Adam Coates, Director of Baidu's Silicon Valley AI Lab, discusses the lab's work in speech-to-text and text-to-speech projects, scaling speech recognition for better performance, the potential of speech recognition as a product, concerns of faking voices, the impact of AI on jobs, and the process of finding and nurturing experts in the AI field.
Read more
AI Summary
AI Chapters
Episode notes
auto_awesome
Podcast summary created with Snipd AI
Quick takeaways
Baidu achieved superhuman performance in Mandarin speech recognition by scaling up the use of neural networks, investing in computational resources, and collecting massive amounts of data.

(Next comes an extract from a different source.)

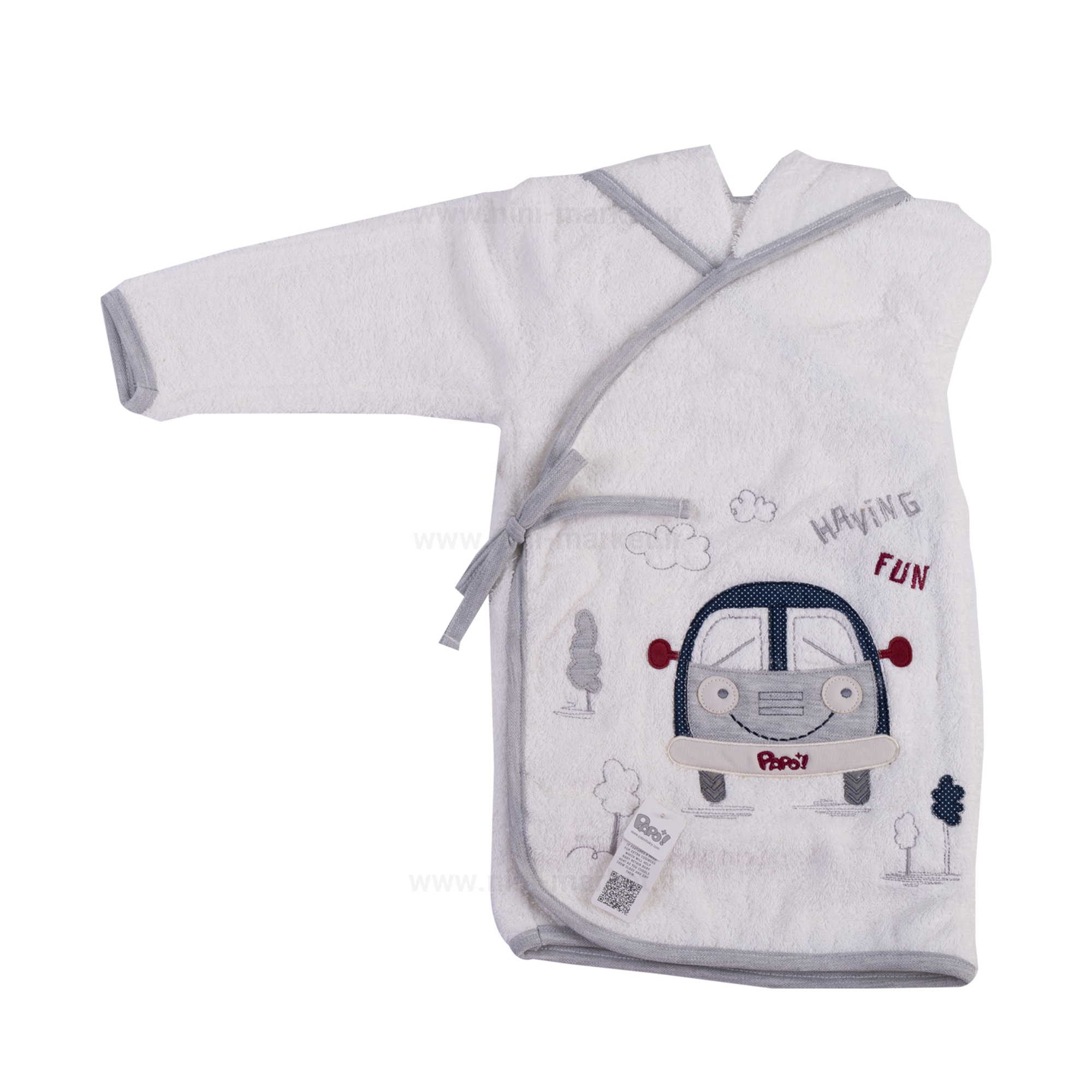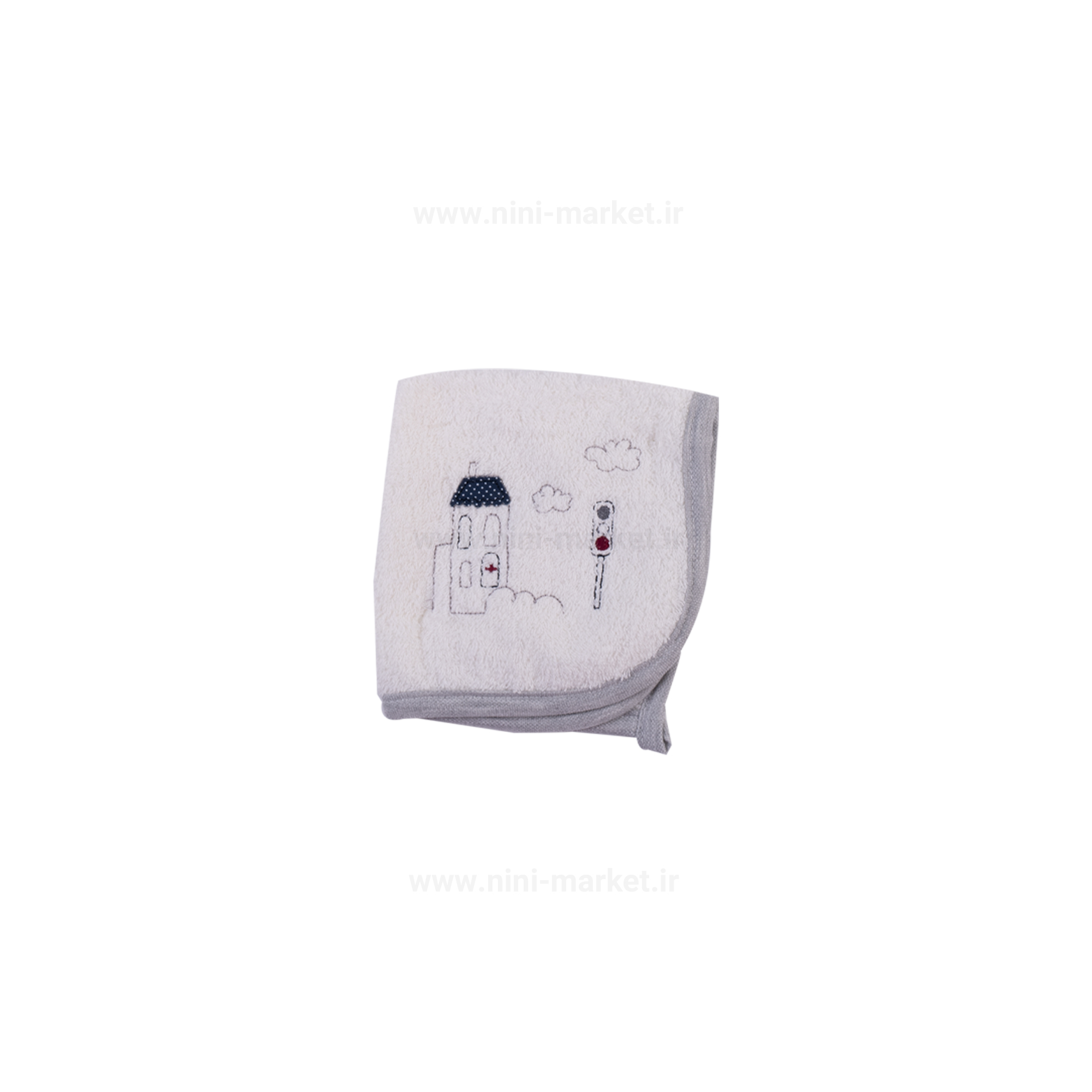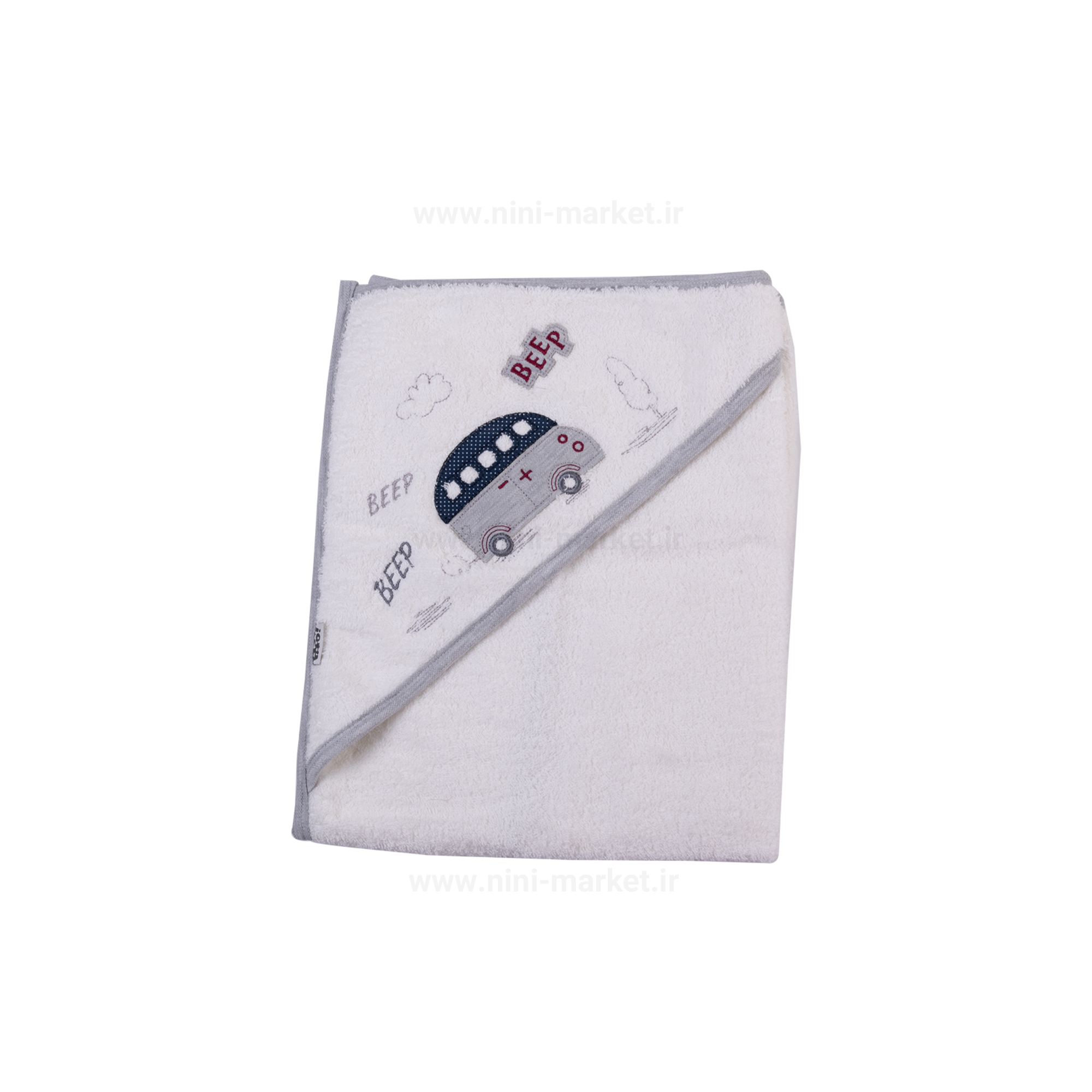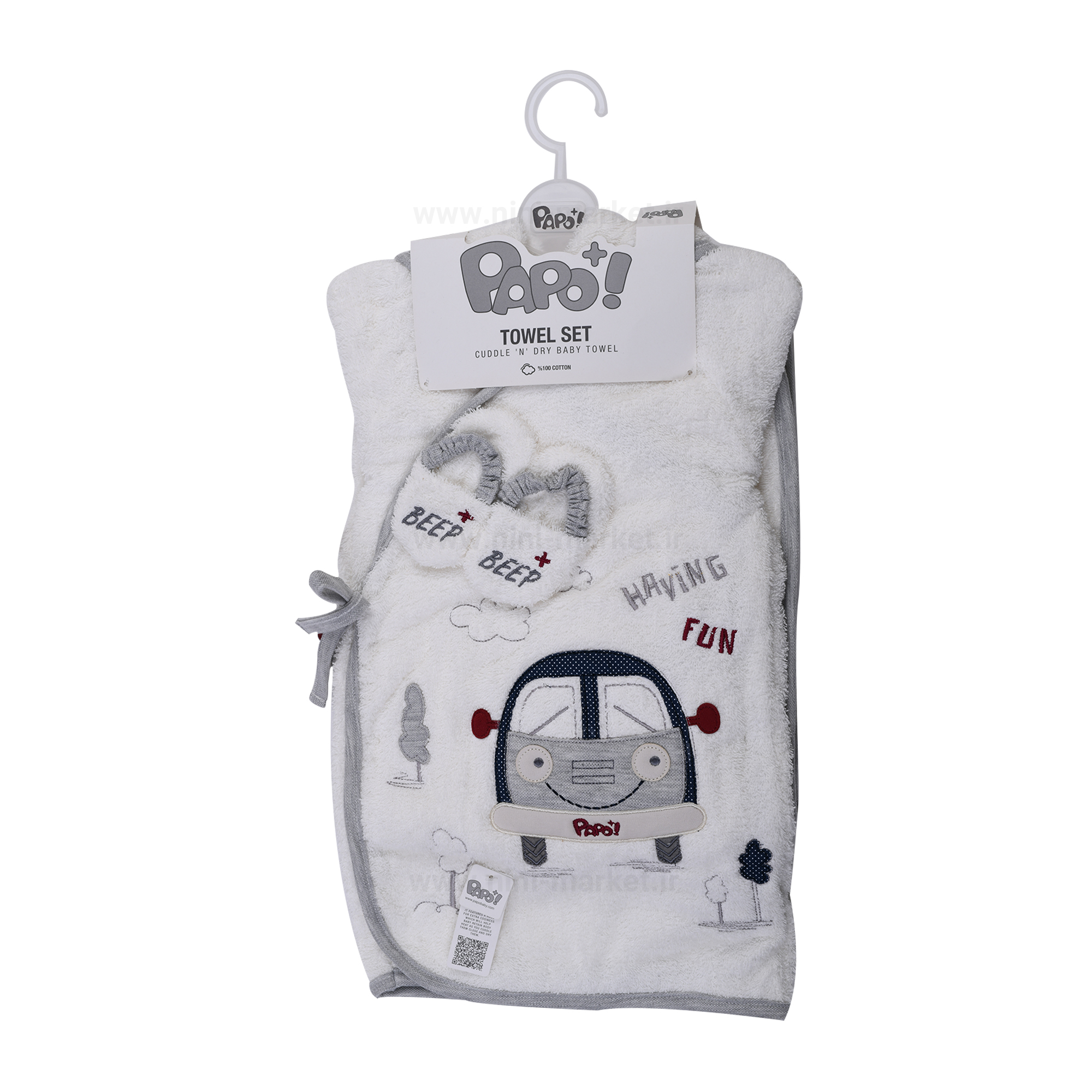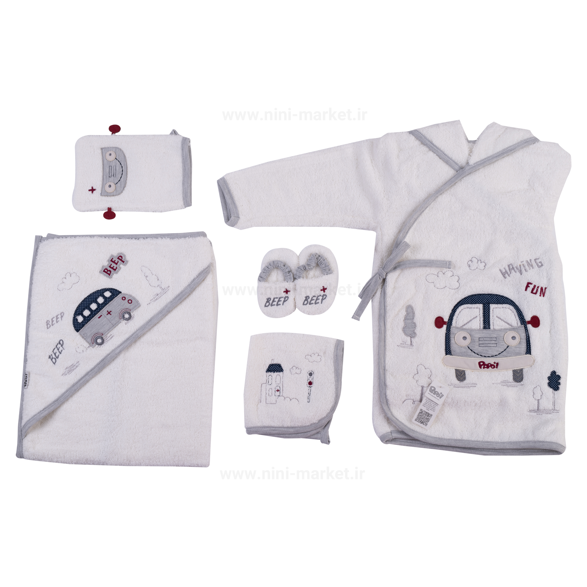 ست حوله 5 تکه طرح ماشین رنگ سفید-طوسی پاپو papo

Baidu is focused on creating immersive AI products with speech and text-to-speech (TTS) interfaces, aiming to make TTS as good as human-level performance and exploring the potential for a voice-first keyboard.
Deep dives
Adam Coats and Baidu's Focus on AI Technologies
Adam Coats, the director of Baidu's Silicon Valley AI Lab, discusses the company's focus on developing AI technologies that will impact at least 100 million people. Baidu, China's largest search engine, has transformed itself from a PC search leader to a mobile revolution player and is now increasingly becoming an AI company. The Silicon Valley AI Lab, one of Baidu's four research labs, was founded to bridge the gap between rapidly advancing deep learning and AI research and its translation into practical business applications.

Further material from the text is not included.